Question

While converting a database to UTF-8 I noticed a strange behavior regarding the control characters 0x80-0x9F. For example, 0x92 (right apostrophe) would not get converted to UTF-8 and truncate the rest of the content of a column, using this method:

CREATE TABLE `bar` (
 `content` text
) ENGINE=MyISAM DEFAULT CHARSET=latin1

INSERT INTO bar VALUES (0x8081828384858687898A8B8C8D8E8F909192939495969798999A9B9C9D9E9F);
Query OK, 1 row affected (0.06 sec)

SELECT content FROM bar;
+---------------------------------------------------------------------------------+
| content                                                                         |
+---------------------------------------------------------------------------------+
| €‚ƒ„…†‡‰Š‹ŒŽ‘’“”•–—˜™š›œžŸ                                                 |
+---------------------------------------------------------------------------------+
1 row in set (0.06 sec)

ALTER TABLE bar CHANGE content content TEXT CHARACTER SET UTF8;
Query OK, 1 row affected, 1 warning (0.06 sec)
Records: 1  Duplicates: 0  Warnings: 1

SHOW WARNINGS;
+---------+------+-------------------------------------------------------------------------------------+
| Level   | Code | Message                                                                             |
+---------+------+-------------------------------------------------------------------------------------+
| Warning | 1366 | Incorrect string value: '\x80\x81\x82\x83\x84\x85...' for column 'content' at row 1 |
+---------+------+-------------------------------------------------------------------------------------+
1 row in set (0.06 sec)

SELECT * FROM bar;
+---------+
| content |
+---------+
|         |
+---------+
1 row in set (0.06 sec)

While normally, 0x80-0x9F wouldn't be allowed in Latin1, MySQL seems to handle it differently:

MySQL's latin1 is the same as the Windows cp1252 character set.
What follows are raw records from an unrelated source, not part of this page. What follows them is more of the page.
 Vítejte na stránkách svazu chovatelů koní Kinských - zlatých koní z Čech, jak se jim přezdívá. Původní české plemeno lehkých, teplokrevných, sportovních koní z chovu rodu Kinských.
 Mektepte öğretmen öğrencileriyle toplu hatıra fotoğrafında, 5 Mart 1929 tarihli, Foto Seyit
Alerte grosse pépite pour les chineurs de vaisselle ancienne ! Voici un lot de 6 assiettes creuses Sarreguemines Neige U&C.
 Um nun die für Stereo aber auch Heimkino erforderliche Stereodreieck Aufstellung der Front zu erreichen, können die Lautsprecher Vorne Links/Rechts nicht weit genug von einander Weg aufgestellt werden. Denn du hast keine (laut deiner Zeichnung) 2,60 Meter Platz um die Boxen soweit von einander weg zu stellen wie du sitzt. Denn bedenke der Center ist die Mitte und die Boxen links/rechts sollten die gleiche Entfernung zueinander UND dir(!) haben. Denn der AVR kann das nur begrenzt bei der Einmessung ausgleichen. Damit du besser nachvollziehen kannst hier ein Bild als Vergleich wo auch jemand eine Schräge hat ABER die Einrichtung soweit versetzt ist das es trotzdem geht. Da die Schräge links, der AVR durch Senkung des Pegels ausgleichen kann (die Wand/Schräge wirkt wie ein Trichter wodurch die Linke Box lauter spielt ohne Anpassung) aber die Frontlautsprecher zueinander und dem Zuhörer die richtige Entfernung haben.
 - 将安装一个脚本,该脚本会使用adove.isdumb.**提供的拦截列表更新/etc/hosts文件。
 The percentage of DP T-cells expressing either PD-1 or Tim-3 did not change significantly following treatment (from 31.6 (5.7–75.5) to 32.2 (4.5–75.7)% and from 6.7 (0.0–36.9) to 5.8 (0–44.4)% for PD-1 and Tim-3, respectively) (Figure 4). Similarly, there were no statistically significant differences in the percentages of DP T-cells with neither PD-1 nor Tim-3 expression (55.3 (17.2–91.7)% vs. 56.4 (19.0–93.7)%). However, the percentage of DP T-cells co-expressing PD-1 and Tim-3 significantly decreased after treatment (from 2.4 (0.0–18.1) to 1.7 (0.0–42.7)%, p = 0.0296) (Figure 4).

This means it is the same as the official ISO 8859-1 or IANA (Internet Assigned Numbers Authority) latin1, except that IANA latin1 treats the code points between 0x80 and 0x9f as “undefined,” whereas cp1252, and therefore MySQL's latin1, assign characters for those positions. [src]

But MySQL can't seem to convert the above range of values from its latin1 character set to its UTF-8 character set.

These characters are getting in my database from copy/pasting from a word document (cp1252), and while I might have found a way to have the application force the right UTF-8 values for new entries, I need to make sure the old get converted properly.

Is there a way within MySQL that I'm missing to convert these to the UTF-8 equivalent without going through each row of each text column and replacing them with an ASCII-friendly version?

Was it helpful?

Solution

I'm not certain. I tried to start out be reproducing your problem but the alter worked fine for me.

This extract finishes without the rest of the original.